Pour revenir à l'article 3, il est indispensable que les organismes collecteurs ne soient pas uniquement considérés comme des guichets d'enregistrement des dons. Il y va du respect de l'intention du donateur, lequel est contrôlé par la Cour des comptes. Il est donc indispensable que l'État signe, avec chacun de ces organismes, une convention permettant un fléchage optimal des dons. Nombre d'entre eux sont d'ailleurs assortis de conditions précises : beaucoup de personnes souhaitent que leur don serve à financer telle ou telle action, tel ou tel type de restauration.
Cette convention, rendue publique, devra prévoir une estimation de la nature et des coûts des travaux. En outre, les versements aux fonds de concours doivent s'étaler suivant l'avancée des travaux. Ces propositions d'encadrement sont traduites dans l'amendement COM-45. Sur ce sujet également, nous sommes en phase avec la commission de la culture.
L'article 4, sur lequel nous disposons d'une délégation au fond de la commission de la culture, prévoit que les collectivités territoriales, notamment les communes, et leurs groupements sont autorisés à participer à la souscription. Le texte lève une incertitude juridique en la matière, puisque plusieurs niveaux de collectivités, notamment les départements, ont perdu la clause de compétence générale. Les dons annoncés par les collectivités territoriales sont aujourd'hui estimés à plus de 85 millions d'euros.
Si le fait d'inciter les collectivités territoriales à financer un chantier normalement pris en charge par l'État peut susciter quelques interrogations, le caractère exceptionnel de la situation et les premières subventions déjà décidées tendent à légitimer l'adoption d'une disposition législative visant à lever toute incertitude juridique à cet égard.
Le Gouvernement renvoie à un décret l'inscription des dons au chapitre des dépenses d'équipement. Or les collectivités territoriales ont besoin de la plus grande transparence quant aux modalités de leur participation, notamment pour la prise en compte de celle-ci dans le cadre de la contractualisation avec l'État. Avec l'amendement COM-46, je vous propose, à titre dérogatoire, de définir ces dons comme des dépenses correspondant à des projets d'investissement en matière de rénovation des monuments protégés au titre du code du patrimoine. Ces sommes ne seront pas pour autant éligibles à un remboursement partiel au titre du fonds de compensation de la taxe sur la valeur ajoutée, le FCTVA.
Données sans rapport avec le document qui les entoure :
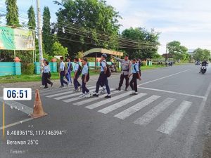 Dalam pelaksanaan tugas kali ini, dua personel Polsek Utan, yakni Aiptu Burhanudin dan Aipda Imd Arya Widana, diterjunkan langsung di depan SMPN 1 Utan serta SDN 4 Kecamatan Utan. Petugas tidak hanya melakukan pengaturan kendaraan yang melintas, tetapi juga membantu menyeberangkan para siswa-siswi yang baru tiba di sekolah.
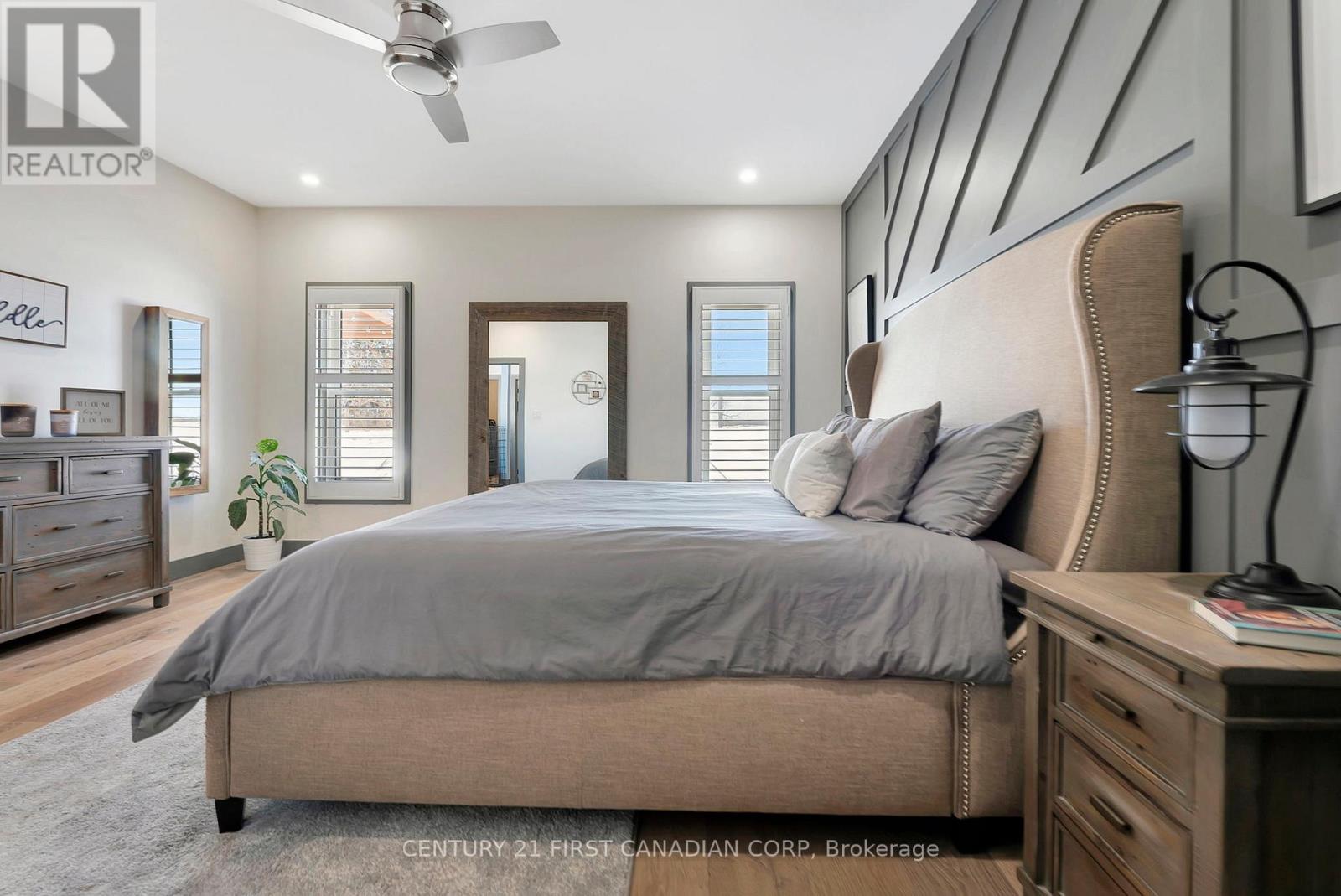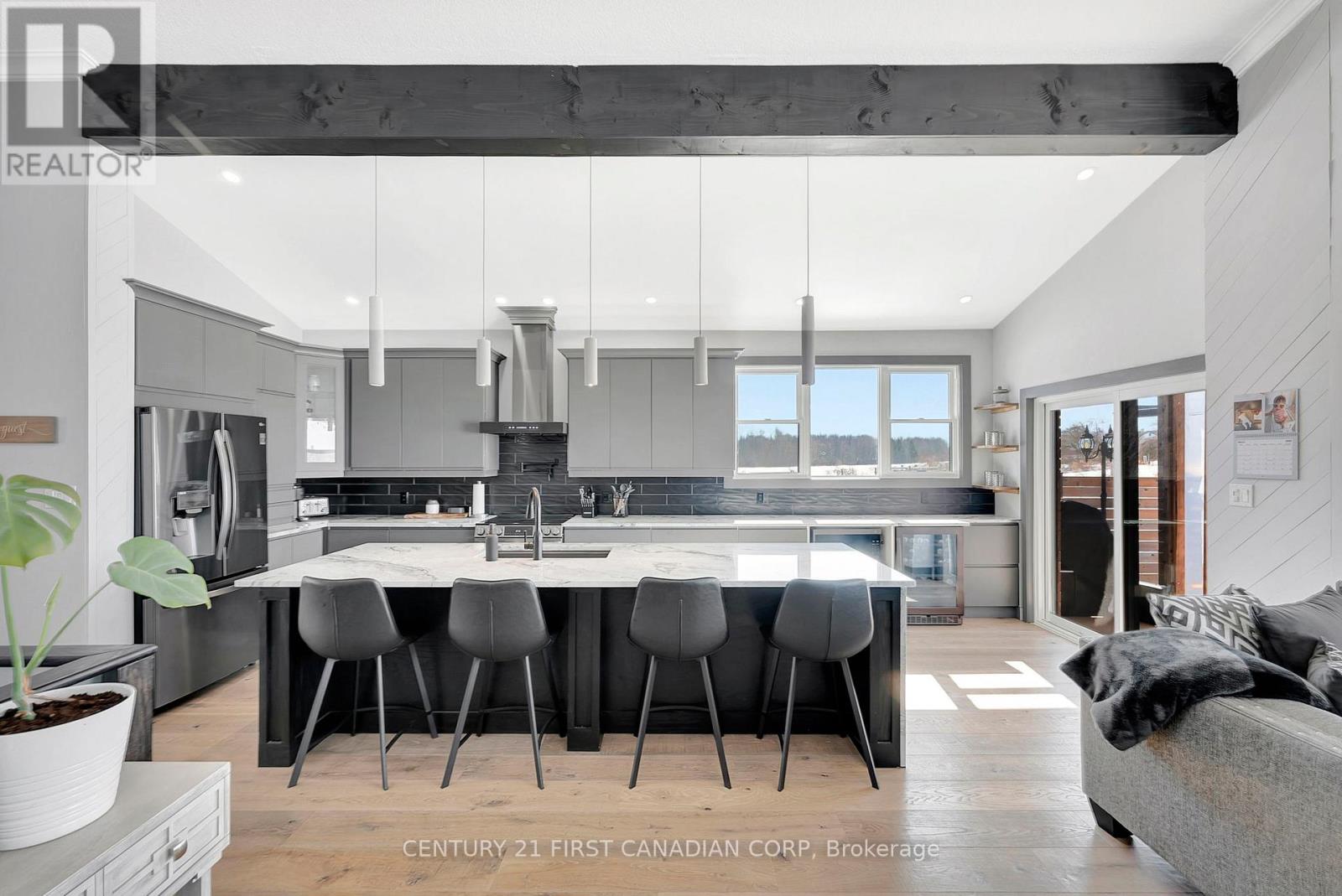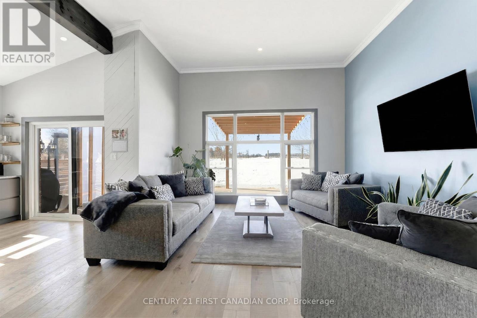 Welcome to Your Ultimate Country Masterpiece! Prepare to be absolutely captivated! This isn't just a home; it's a lifestyle statement. Nestled just west of the vibrant, rapidly growing community of Paris, this stunningly updated modern ranch offers the perfect blend of high-end luxury and peaceful country serenity. Built with the legendary Schuit Homes, every inch of this property radiates quality and sophisticated design. The moment you step through the door, you are greeted by a breathtaking open-concept layout. The expansive living room flows seamlessly into a chef-inspired kitchen with all new cabinets, countertops and backsplash. Featuring sleek stainless steel appliances, a center island, and a bright dining nook, it is the heart of the home. Imagine morning coffee by the patio doors or hosting summer BBQs on your covered porch, overlooking nothing but gorgeous, rolling countryside. For formal occasions, the adjacent dining room dazzles with recessed ceilings, rich hardwood floors, and massive windows that bathe the space in natural light. Luxury Meets Functionality The primary suite is a true sanctuary, boasting a massive walk-in closet, California shutters and a spa-like ensuite featuring a freestanding soaker tub and a custom frosted glass/tiled shower. The main floor is rounded out by a convenient laundry room and a chic powder room. Head downstairs to find a finished lower level that feels like a second home! With a huge, cozy rec room, two spacious bedrooms a workout room, and another full bathroom, there is room for the whole family and then some. Extensive 2023-2024 Upgrades Peace of mind comes standard here. Within the last two years, this home has been transformed: Total Exterior Refresh: All windows, entry doors, and the double-attached garage door were replaced (2023/2024). Fresh Interiors: Stunning brand-new flooring throughout both the main floor and basement. Summer Fun: A sparkling new pool installed in 2023 is ready for your enjoyment! (id:64974)

L'article 5, pour lequel nous disposons également d'une délégation au fond de la commission de la culture, vise quant à lui le dispositif fiscal prévu par le Gouvernement. Il ne concerne que les particuliers, qui se verront appliquer un taux de réduction fiscale de 75 % pour les dons dans la limite de 1 000 euros. Au-delà de ce montant, la réduction de droit commun sera appliquée, à savoir 66 %, dans la limite de 20 % du revenu imposable.
Le nouveau dispositif est limité dans le temps, puisqu'il est censé prendre fin le 31 décembre 2019. Il est cumulable avec les dispositifs existants, en particulier celui visant la fourniture d'aide, de soins et de logement aux personnes en difficulté, qui prévoit un taux de réduction d'impôt majoré de 75 %. Il ne devrait donc pas entraîner d'effet d'aubaine. Le risque d'éviction des dons au profit du chantier de la cathédrale est également contenu.
Afin de renforcer la clarté du dispositif, je vous propose une nouvelle rédaction de cet article calquée sur l'article 200 du code général des impôts, qui vise les dispositifs existants pour les réductions d'impôts au titre des dons des particuliers. Je vous suggère également de revoir la période retenue pour l'application de la réduction fiscale en adoptant l'amendement COM-47. Elle pourrait ainsi être ouverte dès le 15 avril 2019, à l'instar de la souscription nationale. En parallèle, je propose d'aligner la date de clôture sur celle de la souscription nationale, qui sera fixée par décret. À défaut, elle serait fixée au plus tard au 31 décembre 2019.
L'article 5 bis - troisième et dernier article sur lequel nous disposons d'une délégation au fond de la commission de la culture - a été introduit par un amendement du président de la commission des finances et du rapporteur général de l'Assemblée nationale. Il prévoit la remise d'un rapport qui contiendrait une évaluation de la dépense fiscale liée aux travaux de restauration pour l'année 2019 et une liste des montants versés, y compris par les collectivités territoriales.
L'article 7 prévoit déjà que l'établissement public procède à la publication un rapport annuel dressant le montant des dons, leur provenance et leur affectation : grâce à l'amendement COM-48, le rapport prévu à l'article 5 bis sera recentré sur le seul champ fiscal.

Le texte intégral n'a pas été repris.